Issues with Virtual Courts
- The first issue with virtual courts is actuallt related to technicalities and traditional rules. The main one being, notarization which is usually a step in many justice processes.
- Some Judges believe that virtual courts decreases the importance of judjes, justices and the courts system as whole. However, other judjes argue the opposite. This is due to limited number of judjes and the need to probide justice quickly.
- The legla profession tends to resist change in general.
- As in ODR problems with audio or video tools, organisational errors, and lack of training for participants may result in more disruption and prolongation rather than being helpful.
- Similar to ODR, security and privacy issues from the “un-avoidable” reliance on third party providers, which may also raise concern on conflict of interest issues.
What’s the difference between Online Dispute Resolution and Virtual Courts?
The virtual court is the judicial forum of traditional brick-and-mortar courtroom that has no physical presence but still provides the same justice services that are available in courtrooms.
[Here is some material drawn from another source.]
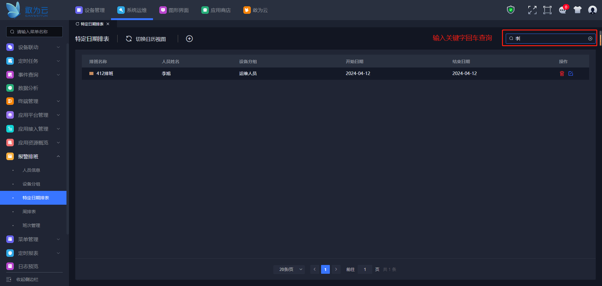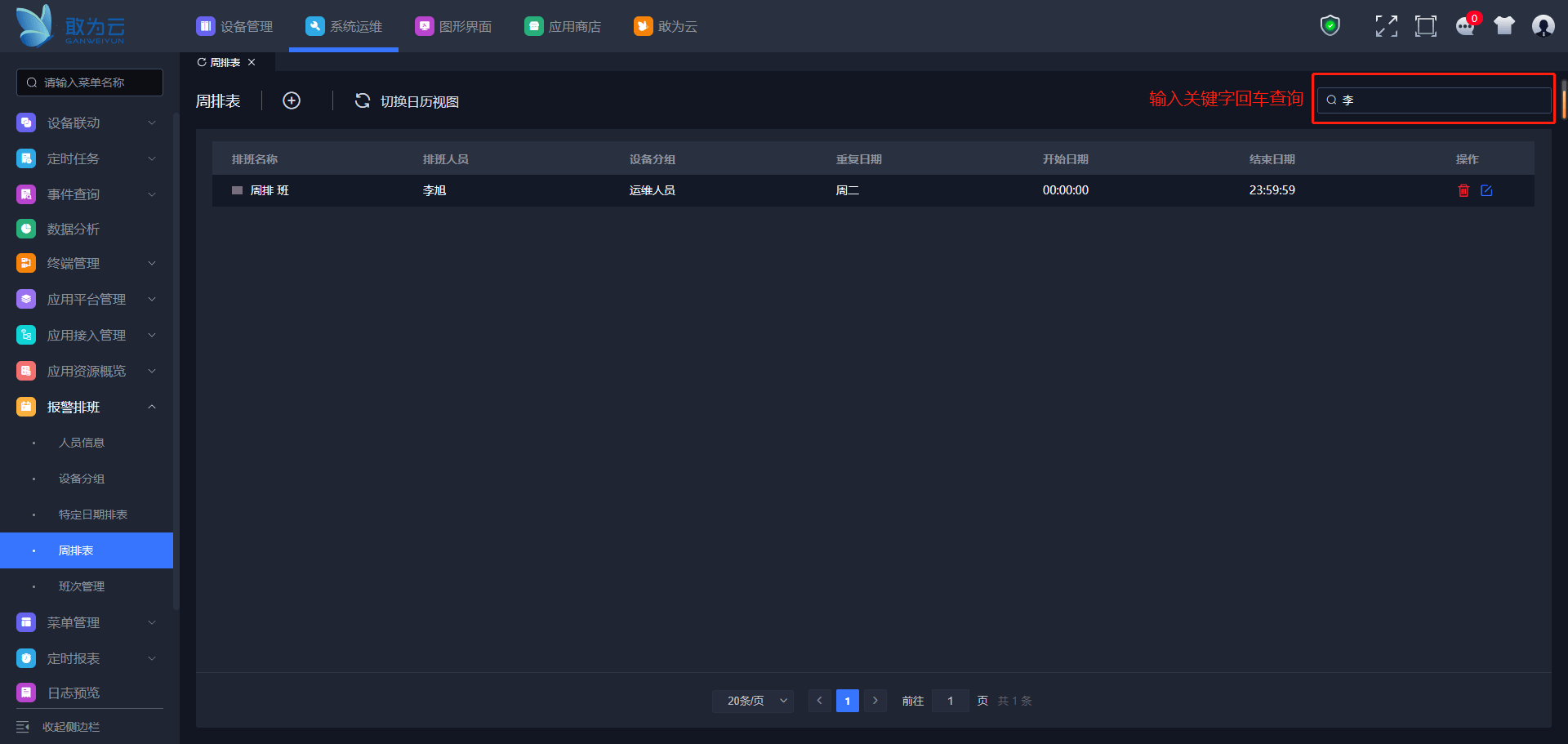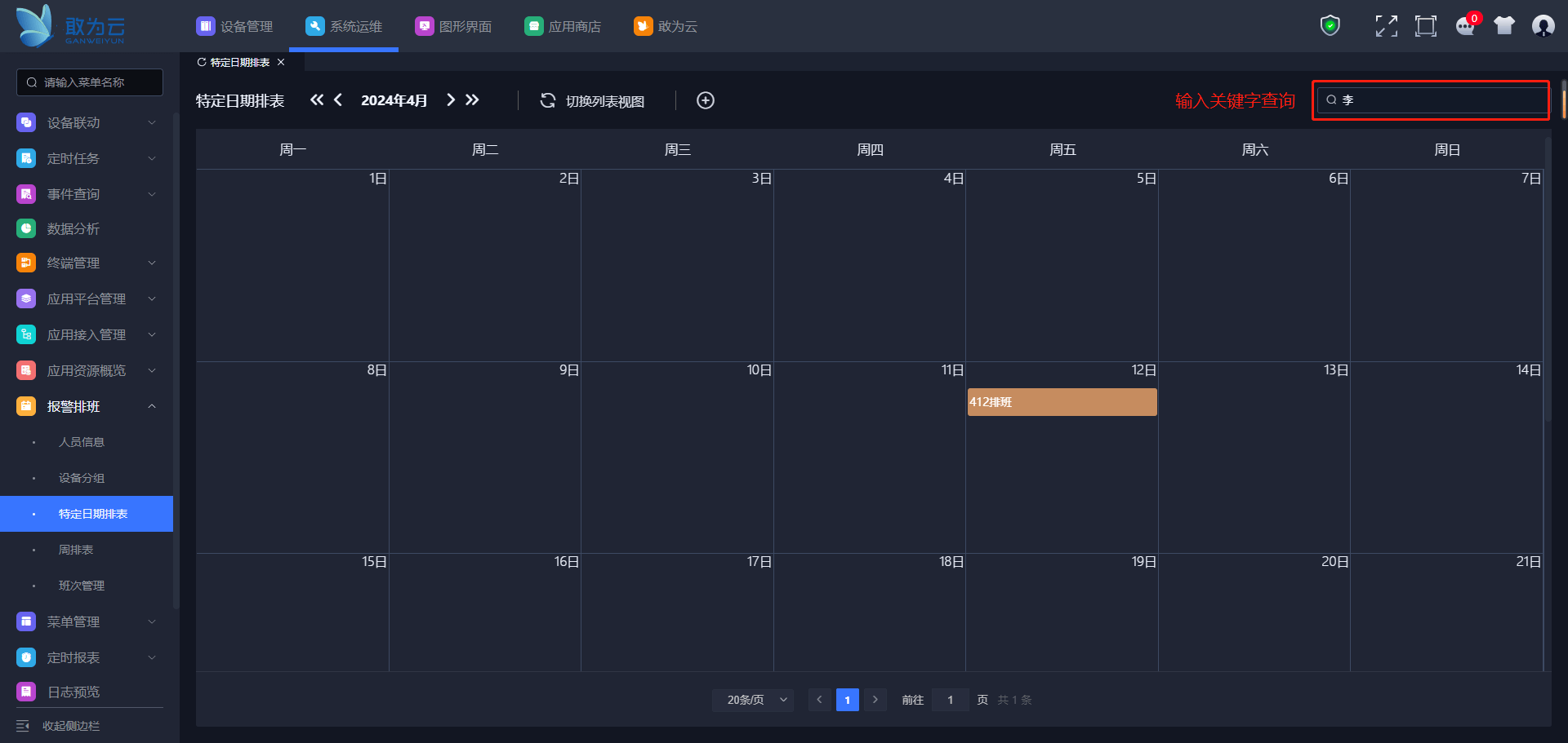 右侧输入框输入人名关键字查询出包含关键字的排班信息。

On the other hand, ODR utilizes technology to apply Alternative Dispute Resolution methods.
Therefore, It should be clear that ODR, which has outstanding potential in e-commerce and small-claim disputes is NOT a replacement for courtrooms.
Now that we have gone through both ODR and virtual courts’ main points, let us now consider their differences and similarities.
First, both ODR and virtual courts are manifestations of our fast adaptation to the online world. As we have more and more use of the internet, we are trying our best to manipulate it to fit as many aspects of our lives as it can.
These virtual platforms are both manifestations of the need to be efficient. ODR and virtual courts are generally more efficient, convenient, and accessible compared to their face-to-face counterpart.
Also, online dispute resolution and virtual courts connect as many people to providing an opportunity for online case resolutions.
In contrast to ODR, a judge is required in virtual courts to handle dispute resolution.
Moreover, the hearing can be broadcasted for a specific audience or even the public if desired. Likewise, virtual courts deal with more complex cases than an ODR platform can handle.
If you want to know which is better between the two, the answer would depend on many factors. Online dispute resolution and virtual courts are more advantageous than the other in specific scenarios. It is a matter of choosing which is better for your case.
The age of the internet is really upon us right now. We are trying to adapt our lives to it as much as we can. Courts and dispute resolutions are not exempted. These are also being incorporated into our virtual world.
We can say that this change is a good one. We are getting more access to information and services which could not have been possible without an online platform.
The benefit of both of these online procedures is their efficiency. Time and cost are significantly reduced for the judge or lawyers, as well as the parties involved.
Communication and information access is also better online. Interactions on these platforms are being improved, especially for those with physical disabilities.
As seen with ODR, asynchronous methods can be chosen for communicating. They can utilize online messages, chats, or emails. This communication flexibility provides better convenience for the parties involved.
For now, the problem could be that there are legal matters that cannot be bent with an online platform. For example, audio issues, recordings, and signatures, and thumb marks are required to be given face-to-face to maintain authenticity. Or notarizing documents might be a problem virtually. However, we can surely see that these will be addressed sooner or later.
For now, ODR and virtual courts are still in the process of refinement. It is possible that in the near future, hearings and dispute resolution might be purely online.
This refinement is possible because of the constant need for convenience and efficiency.
Let us view these as positive contributions to society and hopefully will progress to being a well-polished system.